About the Telcordia Issue 4 Calculator
This calculator helps estimate hardware reliability for electronic units. It follows a practical Telcordia Issue 4 style workflow. It combines part count data, stress factors, temperature factors, quality factors, environment factors, and usage assumptions. The result is shown as FIT, MTBF, reliability, expected failures, and availability.
Why This Method Matters
Reliability prediction is useful before a product enters production. Engineers can compare designs before field data exists. A high FIT value means more expected failures. A high MTBF value means a longer average time between failures. The result is not a warranty. It is an engineering estimate based on selected assumptions.
Inputs Used by the Tool
Each component line uses quantity, generic base FIT, quality factor, stress factor, temperature factor, duty cycle, and redundancy factor. You can enter values from approved reliability tables or internal design rules. The environment factor then adjusts the full assembly result.
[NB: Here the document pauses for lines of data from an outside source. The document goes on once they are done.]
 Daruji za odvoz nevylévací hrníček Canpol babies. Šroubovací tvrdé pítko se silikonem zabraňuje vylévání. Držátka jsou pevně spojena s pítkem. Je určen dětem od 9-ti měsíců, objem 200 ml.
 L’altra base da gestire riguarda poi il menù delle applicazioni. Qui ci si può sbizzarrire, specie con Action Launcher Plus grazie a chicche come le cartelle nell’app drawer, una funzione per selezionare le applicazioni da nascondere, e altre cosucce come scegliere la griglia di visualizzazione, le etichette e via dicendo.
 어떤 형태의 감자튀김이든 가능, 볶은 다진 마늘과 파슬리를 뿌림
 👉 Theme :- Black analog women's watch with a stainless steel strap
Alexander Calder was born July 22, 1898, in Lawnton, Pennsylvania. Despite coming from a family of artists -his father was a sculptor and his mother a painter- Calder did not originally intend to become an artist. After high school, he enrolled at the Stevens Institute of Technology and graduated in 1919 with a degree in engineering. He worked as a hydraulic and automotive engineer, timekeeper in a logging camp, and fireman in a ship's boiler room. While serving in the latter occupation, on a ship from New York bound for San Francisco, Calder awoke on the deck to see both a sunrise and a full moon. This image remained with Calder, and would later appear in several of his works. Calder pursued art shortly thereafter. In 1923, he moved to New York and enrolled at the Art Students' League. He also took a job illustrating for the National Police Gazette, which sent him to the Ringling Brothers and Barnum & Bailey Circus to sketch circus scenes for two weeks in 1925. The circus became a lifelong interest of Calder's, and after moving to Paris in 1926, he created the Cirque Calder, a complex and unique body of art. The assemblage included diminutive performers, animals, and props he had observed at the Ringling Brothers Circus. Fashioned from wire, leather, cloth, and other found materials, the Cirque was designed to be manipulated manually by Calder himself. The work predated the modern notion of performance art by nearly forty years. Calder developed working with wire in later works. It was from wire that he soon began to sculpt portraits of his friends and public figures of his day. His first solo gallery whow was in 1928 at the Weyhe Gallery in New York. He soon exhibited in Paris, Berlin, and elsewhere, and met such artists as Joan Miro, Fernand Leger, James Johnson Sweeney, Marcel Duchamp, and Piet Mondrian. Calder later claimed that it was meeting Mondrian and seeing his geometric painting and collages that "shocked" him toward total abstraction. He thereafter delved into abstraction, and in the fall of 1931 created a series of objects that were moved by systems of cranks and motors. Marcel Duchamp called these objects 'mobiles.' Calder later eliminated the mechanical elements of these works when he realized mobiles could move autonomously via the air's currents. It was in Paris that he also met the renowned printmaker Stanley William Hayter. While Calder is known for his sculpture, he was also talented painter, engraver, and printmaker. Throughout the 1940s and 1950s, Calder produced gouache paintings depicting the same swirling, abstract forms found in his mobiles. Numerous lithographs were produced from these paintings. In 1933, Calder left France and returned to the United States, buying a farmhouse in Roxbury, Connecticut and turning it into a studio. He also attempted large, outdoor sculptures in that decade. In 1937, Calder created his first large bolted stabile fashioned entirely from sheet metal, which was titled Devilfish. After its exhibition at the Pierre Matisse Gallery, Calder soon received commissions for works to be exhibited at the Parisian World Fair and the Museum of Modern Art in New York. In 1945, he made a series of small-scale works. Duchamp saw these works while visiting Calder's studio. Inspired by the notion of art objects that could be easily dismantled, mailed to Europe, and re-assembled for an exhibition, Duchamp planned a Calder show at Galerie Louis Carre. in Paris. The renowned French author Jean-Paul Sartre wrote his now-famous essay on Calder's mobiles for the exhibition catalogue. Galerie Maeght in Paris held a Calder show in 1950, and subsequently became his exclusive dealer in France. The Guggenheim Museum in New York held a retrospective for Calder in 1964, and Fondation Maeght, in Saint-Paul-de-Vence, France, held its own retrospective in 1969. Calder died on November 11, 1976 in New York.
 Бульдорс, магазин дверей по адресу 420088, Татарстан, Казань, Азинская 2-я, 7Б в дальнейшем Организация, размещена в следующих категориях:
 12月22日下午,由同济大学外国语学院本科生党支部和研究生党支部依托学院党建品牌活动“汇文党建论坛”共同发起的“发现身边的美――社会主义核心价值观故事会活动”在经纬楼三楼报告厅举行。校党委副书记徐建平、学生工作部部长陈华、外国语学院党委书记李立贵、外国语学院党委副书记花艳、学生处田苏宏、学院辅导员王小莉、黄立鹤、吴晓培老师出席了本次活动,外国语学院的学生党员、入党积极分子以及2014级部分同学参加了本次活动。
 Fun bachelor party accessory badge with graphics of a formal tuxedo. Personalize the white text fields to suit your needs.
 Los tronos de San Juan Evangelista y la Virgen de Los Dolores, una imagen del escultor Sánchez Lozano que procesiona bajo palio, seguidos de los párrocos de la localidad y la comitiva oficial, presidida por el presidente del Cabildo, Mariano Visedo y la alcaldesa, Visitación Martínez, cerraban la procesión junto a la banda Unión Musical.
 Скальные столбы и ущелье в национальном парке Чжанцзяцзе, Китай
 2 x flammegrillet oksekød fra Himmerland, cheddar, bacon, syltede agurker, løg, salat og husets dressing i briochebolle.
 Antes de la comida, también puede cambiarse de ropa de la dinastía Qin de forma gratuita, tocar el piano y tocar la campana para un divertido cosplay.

Lab and field modifiers can also tune the prediction.
Result Interpretation
The steady state FIT shows expected failures per billion operating hours. MTBF is calculated from the final FIT value. Mission reliability shows the chance of surviving a chosen mission time, using a constant failure rate model. Availability adds repair time, so it is useful for service planning.
Good Engineering Practice
Use realistic component temperatures. Review electrical stress carefully. Do not mix worst case and typical assumptions without noting them. Keep a record of the data source for every factor. If official Telcordia tables are required, enter the values from the licensed reference. Then compare the output with test evidence.
When to Recalculate
Run the calculator again after schematic changes, vendor changes, thermal redesign, burn in updates, or new failure reports. Small component changes may shift the total FIT. Large temperature changes can shift it more. Recalculation keeps the reliability case current.
Limits of the Estimate
The calculation assumes useful life behavior and a constant failure rate. It does not predict wear out, software faults, process escapes, or misuse. Treat the result as one input within a broader reliability plan. Combine it with qualification tests, field returns, supplier history, derating reviews, and thermal measurements for stronger design decisions. It should support review, not replace formal engineering approval evidence.